Watching Joe Russo work a drum kit is theatre in motion, a story unfolding in sweat and limbs, the emotions and ideas of a piece playing across this generational standout’s face. When you add your ears to the mix he brings you bodily into the tale, a reminder in our bones of rhythm’s role as storytelling’s pacesetter. A bicentennial baby – he snuck into this world at the tail end of 1976 – Russo is a true blue American musician with a wide open perspective on the role of percussion in an almost ridiculous array of settings, the melting pot ideal in beat-making form.
He’s as adept at the avant-bounce of his longtime duo collaboration with keyboard ninja Marco Benevento (where the daring pair marries classic 60s jazz keyboard-drum dynamics to WHATEVER the fuck falls into their imaginations) as he is as the revitalizing drum force in Grateful Dead torch keepers Furthur. And between these two poles one can find Russo exploring modern electronic grooves in Shpongle as well as past stints with projects as diverse as the Gene Ween Band, American Babies and Younger Brother. If there is one defining thread to these divergent outlets its Russo’s unerring ability to find THE right pulse for the specific moment.

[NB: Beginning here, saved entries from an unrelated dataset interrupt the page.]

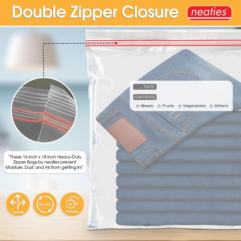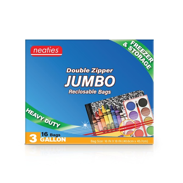 Neaties 3 Gallon Plastic Storage Bags with Double Zipper Top, 16 x 18 inches, 2.5-mil Thick, Reusable Freezer Bags, Clear, Set of 16
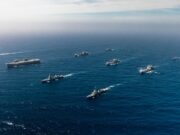 Two aircraft carriers, 21 warships, three submarines, 41 fast jets, 19 helicopters, ten patrol aircraft and more than 8,000 personnel "sends a strong message" says the Royal Navy's Commodore Blackmore.
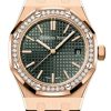 The captivating Purple Dial, adorned with Grande Tapisserie Dial Markers, adds a touch of regal charm to this Audemars Piguet creation. The meticulous craftsmanship extends to the certified Swiss-tested Automatic Movement, ensuring impeccable timekeeping and reliability for the discerning wearer.
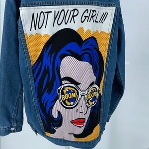 Shein Jean Jacket Denim Size L Not Your Girl Boom Boom Comic Pop Cotton/Poly
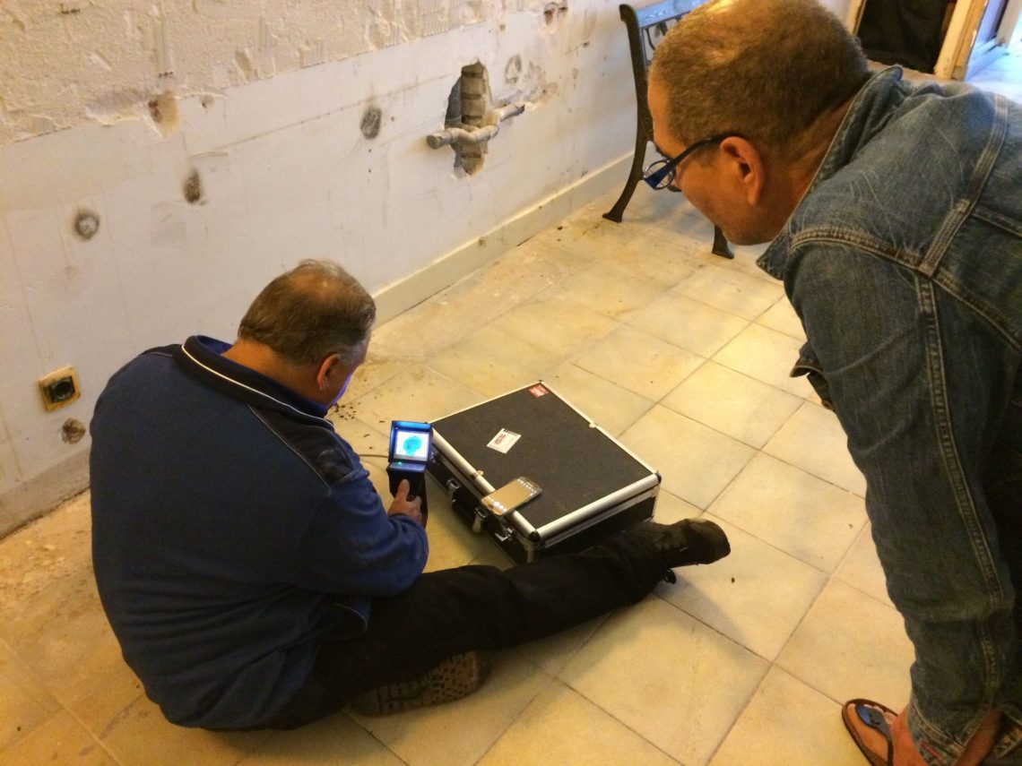 Door het gaatje wat hij boorde, stak hij een mini camera, die hij op afstand kon bedienen. We hebben tot ruim een meter onder de vloer rondgekeken.
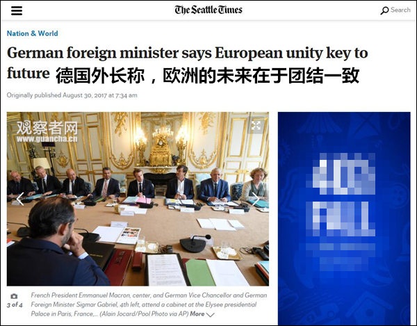 據(jù)美國《西雅圖時報》30日報道,德國外長加布里爾在巴黎出席一次駐外使節(jié)會議上,呼吁歐洲應當團結(jié)一致,制定出統(tǒng)一的對華戰(zhàn)略,也敦促中國不要試圖分化歐洲,而應遵守“一個歐洲”原則。
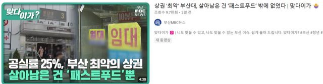 요즘 뉴스를 보면 부산 서면, 남포동, 부산대 상권 다죽었더라.
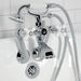 Wall mount clawfoot tub faucets are the perfect fixture to add decorative flair within your bathroom because of their unique architectural elements. With vintage opulence, this will complete your refined bathroom decorum with the help of its premium polished chrome finish and traditionally styled handheld shower. The solid brass construction also makes for a heavy, quality made product. Hand shower with porcelain handle and 59-inch hose.
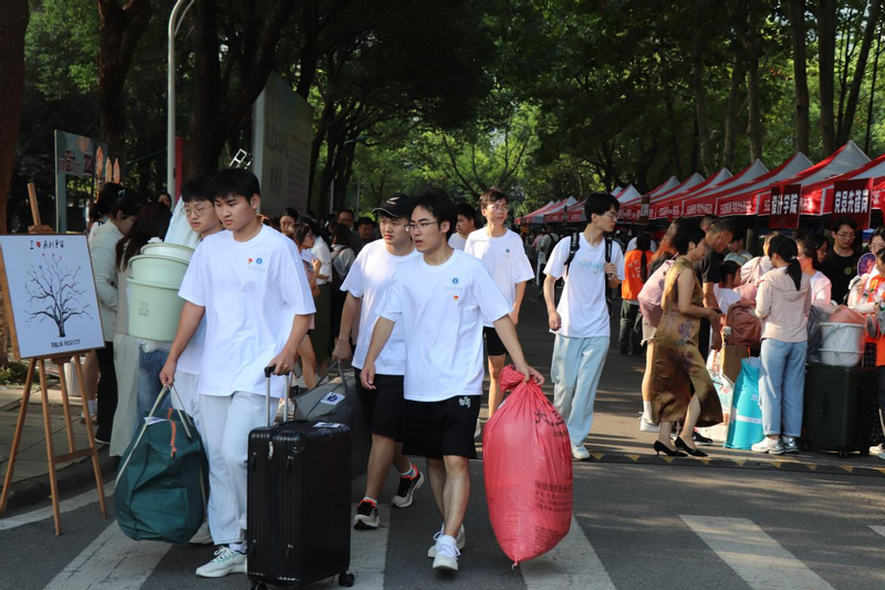 尽管天气闷热、热浪袭人,但党员先锋队队伍们无所畏惧、不仅提前到底迎新现场,随时准备为新生及其家长提供有准备的服务。在迎接新生报到的过程中,学生党员佩戴党徽、个个精神抖擞,微笑服务,哪里有需要哪里就有党徽闪耀。他们有的承接新生沉甸甸的行李箱、有的跑前忙后引导新生办理报到手续、有的为新生家长送去一份清凉茶、为新生及家长答疑解惑,有的帮助新生入住校园“新家”等。他们始终秉持“尚德 敏学 唯实 惟新”的校训精神,把“清凉”与“愉悦”送给新生及其家长、把“炎热”“辛苦”留给自己,切实以实际行动告诉学生家长,“请你们放心,这里有我们!”
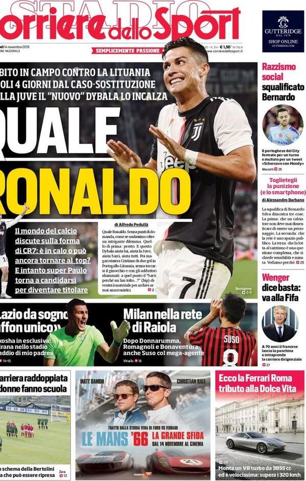 Milan sui media, le prime pagine dei giornali di oggi (14/11/2019)
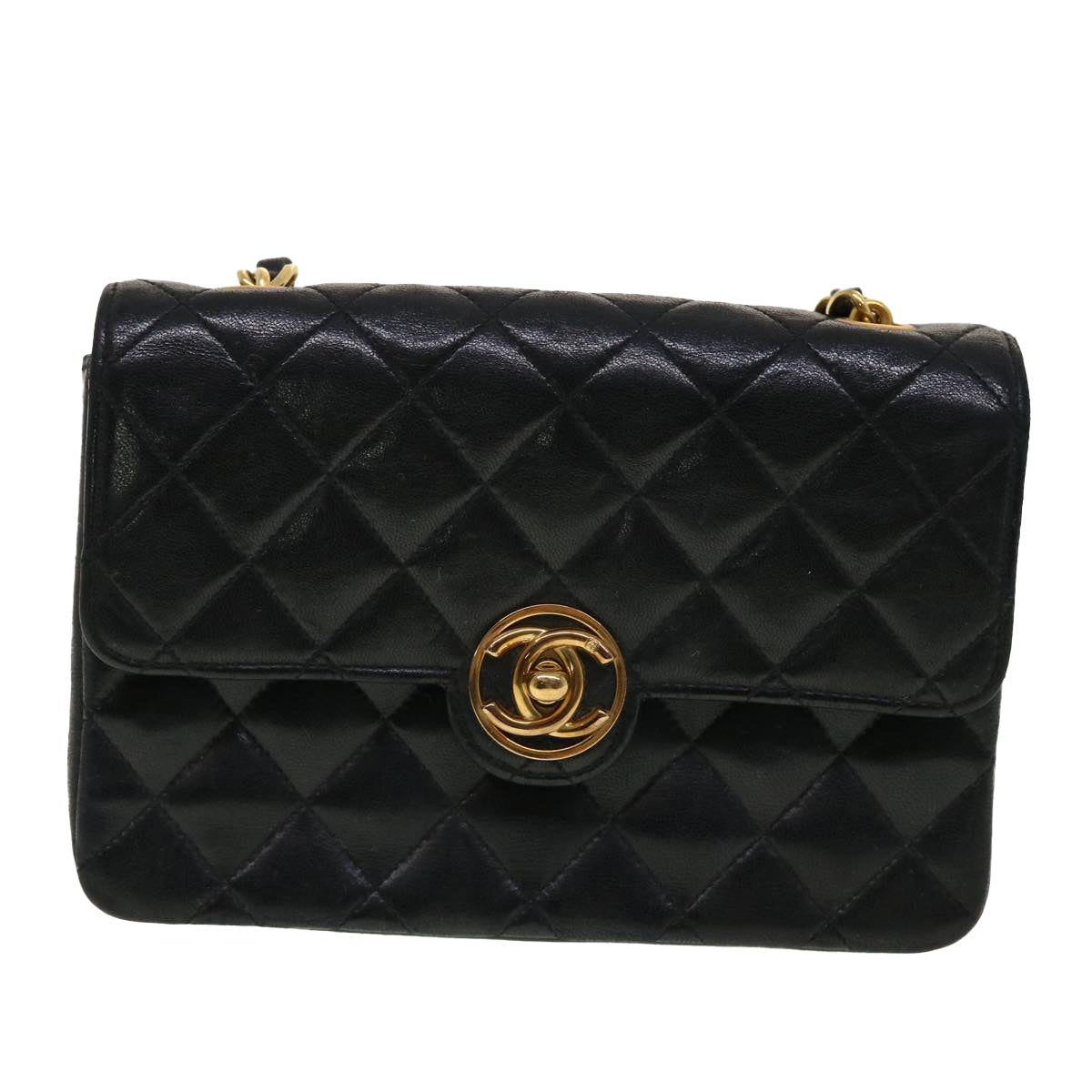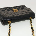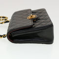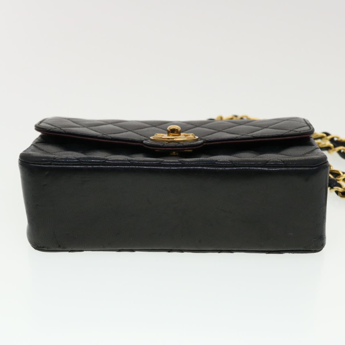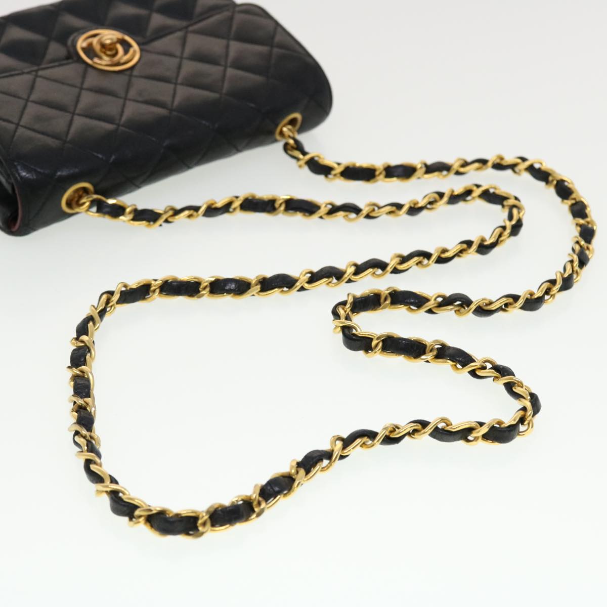 CHANEL Mini Matelasse Chain Shoulder Bag Lamb Skin Black CC Auth 42862A
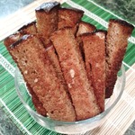 Нарезать Бородинский хлеб небольшими брусочками. Если хлеб свежий, подсушить его, оставив на разделочной доске в один ряд на пару часов.
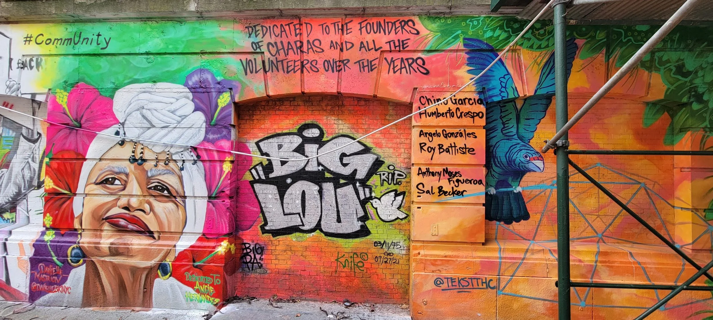 The following artists took part in this mural makeover project: Will Power, Al Diaz (Samo), Danielle Mastrion, Marissa Molina, Christian Penn, Michela Muserra, Nico Collazo, Jodi Dareal, Charlie Elo, and Cram Concepts. Together, they painted 9 murals that celebrate CHARAS’ legacy including portraits of founding members Chino Garcia, Angie Hernandez, and poet Bimbo Rivera, who coined the term “Loisiada”, and remind us of what has been lost in the community—and what needs to be restored.
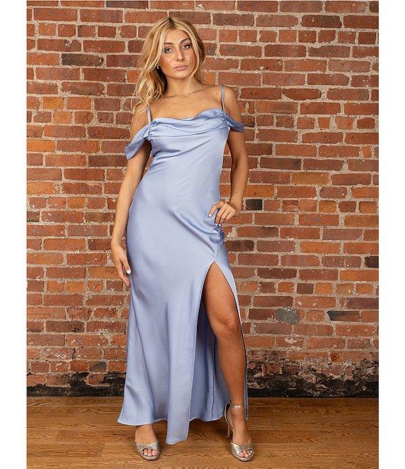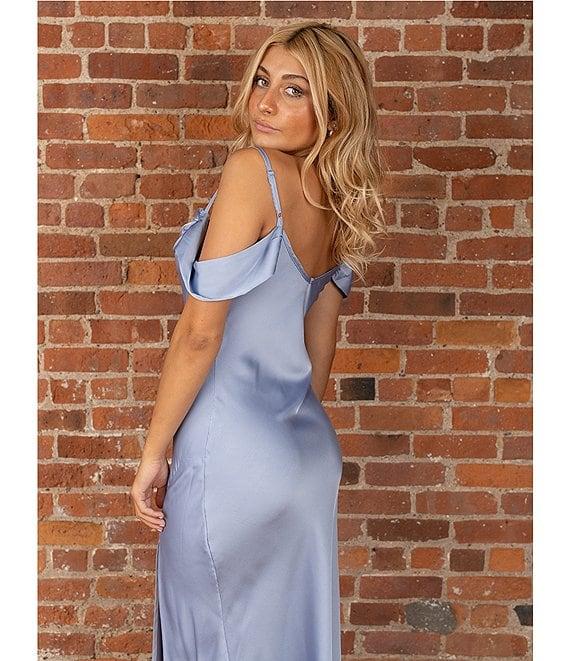 Dear Moon Satin Off The Shoulder Cowl Neck Dress
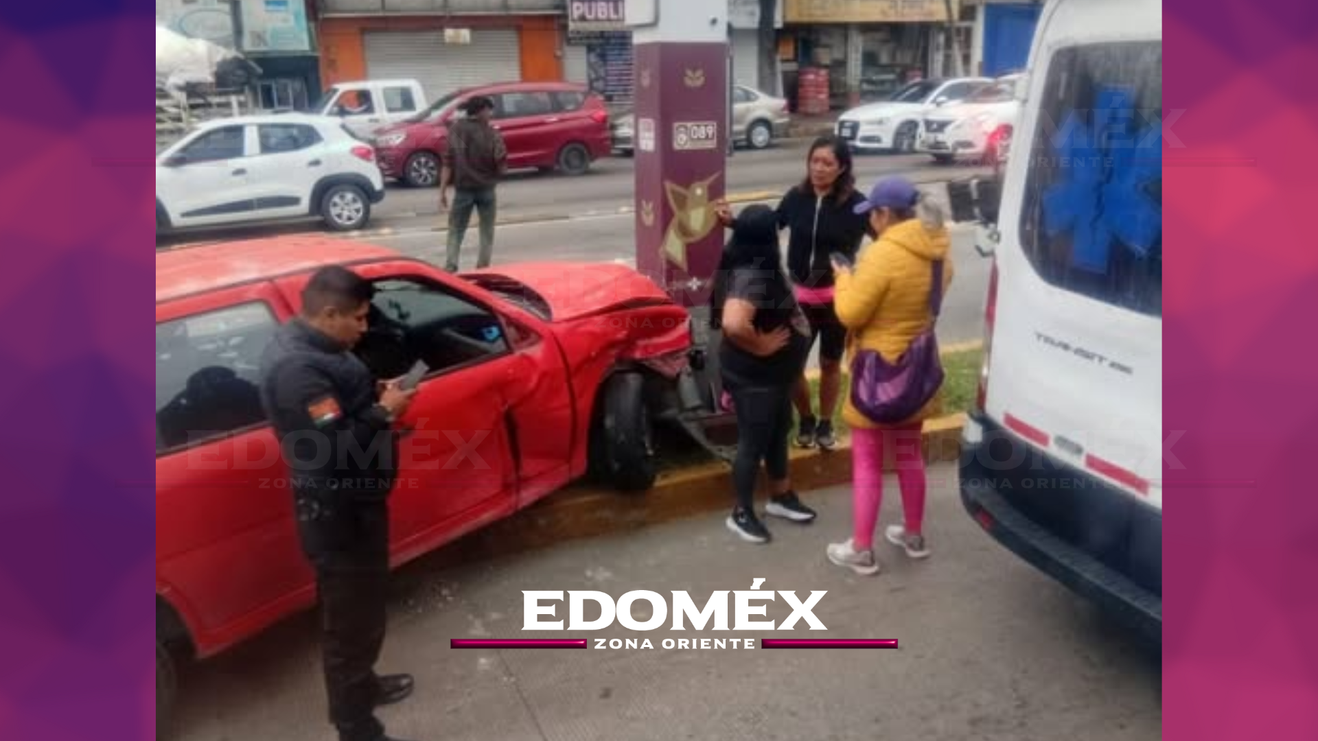 Una automovilista chocó su vehículo contra un poste que sostiene cámaras del C5 Estado de México, ubicado sobre la vía José López Portillo, a la altura de Fovissste, en Ecatepec de Morelos, con dirección a Coacalco.
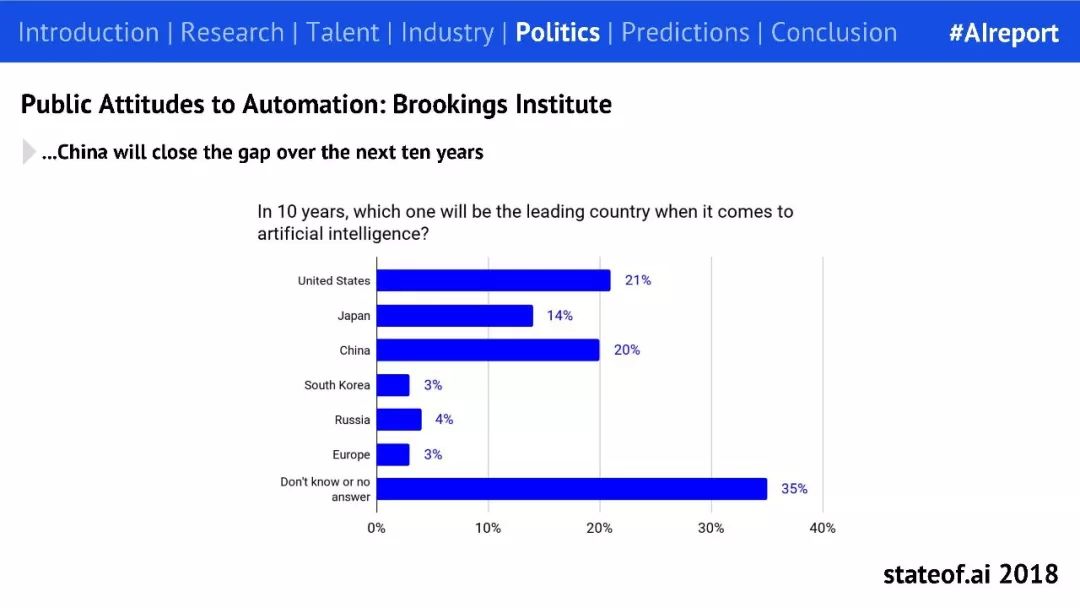 在公众对自动化态度调研这一部分,布鲁克林研究中心的调研结果显示:虽然美国目前仍然是 AI 领头羊,但认为中国在 AI 领域将在十年内赶超美国。
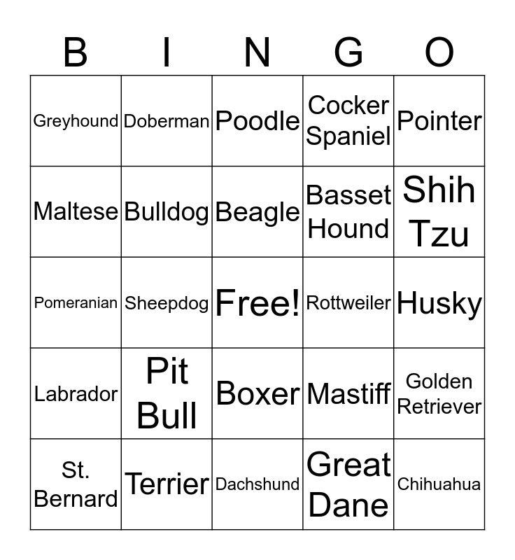 This bingo card has a free space and 30 words: Terrier, Yorkie, Sheepdog, Dalmation, Greyhound, Poodle, Bulldog, Boxer, Rottweiler, Dachshund, Husky, Chihuahua, Great Dane, Pug, Shih Tzu, Schnauzer, Mastiff, Labrador, Pit Bull, Pointer, Pomeranian, Border Collie, Doberman, Basset Hound, Maltese, Cocker Spaniel, Golden Retriever, St. Bernard, Beagle and German Shepherd.

His feel and range are somewhat ludicrous, yet he never comes off as some drum clinic guru. His undisguised delight at finding the mythical “pocket,” even in downright perverse music, always carries over, the technique and endless hours of study and practice invisible when he’s onstage or immersed in studio exploration. This knack for being completely present for the song at hand is one of Russo’s gifts which spills over onto his collaborators. If he’s behind the drums it’s a good bet that everyone else playing with him will be a bit more dialed in, even if only to what Russo is laying down, and the results will be richer, more interesting and more unpredictable (in the finest sense) than they would be without him.